Читаем Адмирал Колчак. Жизнь, подвиг, память полностью

«Когда эта манифестация апрельская принимала все более грозный вид, – рассказывал бывший военный министр, – у меня состоялось заседание Временного правительства, где я доложил положение дел и очень спокойно заявил… что, если будет вооруженное вторжение – мы даем вооруженный отпор… Коновалов (министр торговли и промышленности. – А.К.) подошел ко мне и громко говорит: “Александр Иванович, я вас предупреждаю, что первая пролитая кровь – и я ухожу в отставку”. Подошел Терещенко (министр финансов. – А.К.) и сказал то же самое. А я все говорил – мы не нападаем, а на нас нападают…
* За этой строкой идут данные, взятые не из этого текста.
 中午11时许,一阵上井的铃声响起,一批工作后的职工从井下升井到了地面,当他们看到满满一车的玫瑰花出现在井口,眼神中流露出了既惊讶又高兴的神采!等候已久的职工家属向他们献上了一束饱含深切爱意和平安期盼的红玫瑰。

… У меня от соприкосновения с кн[язем] Львовым получилось впечатление, что он неисправимый непротивленец, он крепко верил, что все это стихийное само собой уляжется, что известные добрые качества, здравый смысл заложен в русской народной массе, что он в конце концов возьмет верх, эксцессы связаны с бурным весенним потоком, а потом спокойно потечет… Другое – просто физическая трусость. Вот если бы кто другой подавил движение… но сами участвовать в этом, принимать на себя ответственность!»

Одной этой сцены уже было бы довольно для такого экспансивного и легко выходящего из равновесия человека, как Александр Васильевич; однако на этом дело не кончилось. Следующие дни прошли в разъездах: сначала во Псков на совещание высшего командования, созванное Алексеевым (Временное Правительство принудило Великого Князя отказаться от должности Верховного Главнокомандующего, и теперь ее занимал бывший начальник штаба Ставки); затем – обратно в Петроград, куда прибыл и Алексеев, на обсуждение проекта «Декларации прав солдата»; и всюду можно было услышать только удручающие новости.
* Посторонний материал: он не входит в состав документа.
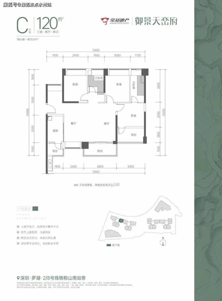 2、以上所发布的关于京基御景天峦府户型图与样板间实拍图所示平面仅供参考,具体因楼栋、楼层的差别,局部结构、面积等存在不同,不构成要约内容。户型图与样板间内部实拍图所示家具和电器配置仅供参考,不作为交付标准,最终以买卖合同为准。
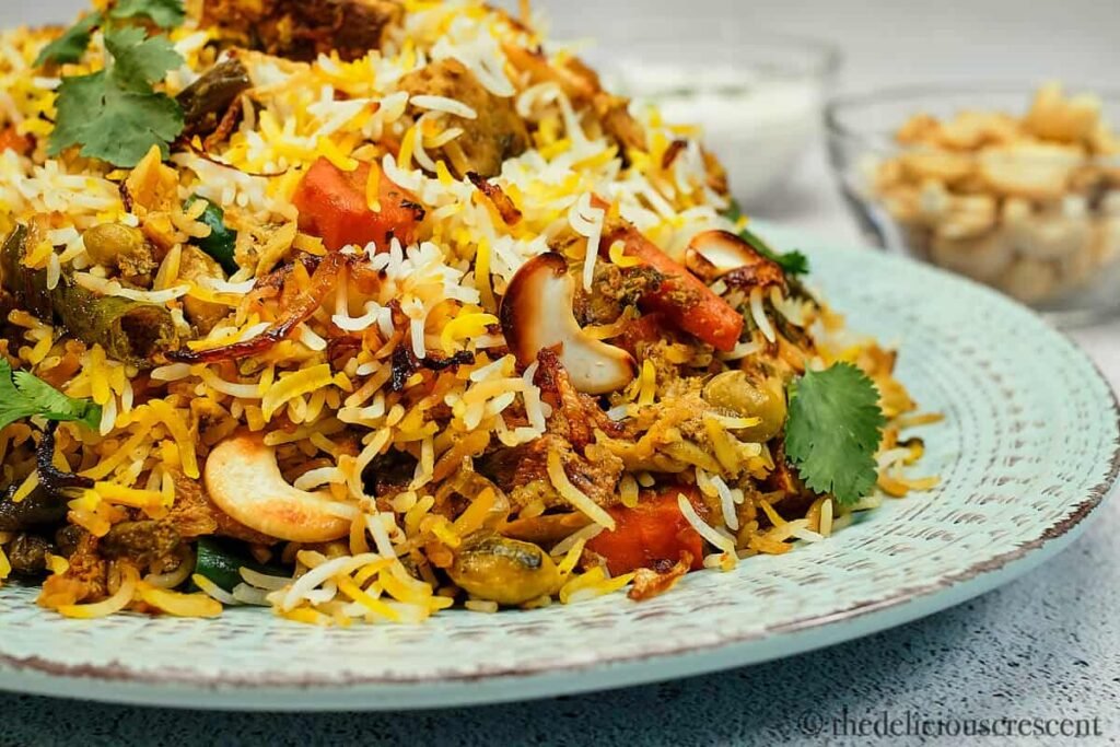 Veg biryanis, pulao, global fusion platters blending Indian and international flavors.

«… Общее мнение было такое, – вспоминал Колчак, – что ожидавшийся от революции подъем энтузиазма в войсках не произошел… что развал неудержимо растет, что дальше продолжать войну при таких условиях крайне трудно, но продолжать ее необходимо, тем более что приняты определенные обязательства перед союзниками, а прекращение войны с Германией со стороны России повлечет разгром союзников, а затем и тяжкие условия мира для России». Сразу заметим, что последнее соображение представляется совершенно правильным: если об условиях сепаратного мира с Российской Империей, согласись на него русский Государь, еще можно было спорить, то разговор с дезорганизованной после-Февральской Россией был бы совсем другим (Брест-Литовский мир менее года спустя наглядно покажет неумеренность германских аппетитов и стремление немцев к расчленению России). Итак, воевать было нужно… но как можно было воевать в подобных условиях?
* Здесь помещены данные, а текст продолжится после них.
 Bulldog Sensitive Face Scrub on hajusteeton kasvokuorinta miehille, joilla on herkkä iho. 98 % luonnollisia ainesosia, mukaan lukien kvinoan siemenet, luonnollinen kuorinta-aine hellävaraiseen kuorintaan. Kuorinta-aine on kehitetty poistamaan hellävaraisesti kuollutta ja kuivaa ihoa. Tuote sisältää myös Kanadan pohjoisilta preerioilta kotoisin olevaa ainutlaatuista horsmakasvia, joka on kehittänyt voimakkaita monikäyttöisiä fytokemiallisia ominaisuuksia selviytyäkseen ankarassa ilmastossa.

«Декларация прав солдата» открыто вносила в ряды армии политическую рознь: разрешение членства в «любой политической, национальной, религиозной, экономической или профессиональной организации, обществе или союзе», свобода агитации и пропаганды (в том числе антивоенной и сепаратистской) и тому подобные новшества заставляли охарактеризовать этот документ однозначно: «Декларация – последний гвоздь, вбиваемый в гроб, уготованный для русской армии». Неудивительно поэтому, что обсуждение ее проекта запомнилось Колчаку как «очень короткое»: «В самом начале чтения проекта встал генерал Алексеев и заявил, что он не может обсуждать вопросы, как окончательно разложить армию, и что поэтому отказывается слушать далее проект. После этого все присутствующие, тоже поднявшись с мест, заявили, что отказываются обсуждать этот документ, присоединились к мнению ген[ерала] Алексеева. На этом чтение документа кончилось, кончилось и само совещание». Увы, кроме Алексеева – честного и прямого, хотя и не обладавшего достаточной решительностью и силою воли, – в армии хватало генералов-оппортунистов, и в мае декларация была опубликована в качестве государственного акта. Сделал это уже новый министр, сменивший ушедшего в отставку Гучкова, – А.Ф.Керенский, адвокат и почему-то член петроградского Совета рабочих и солдатских депутатов. Колчак же к тому времени в ответ на попытку выяснить, состоится ли все-таки его назначение Командующим Балтийским флотом, получил распоряжение «возвратиться на Черное море».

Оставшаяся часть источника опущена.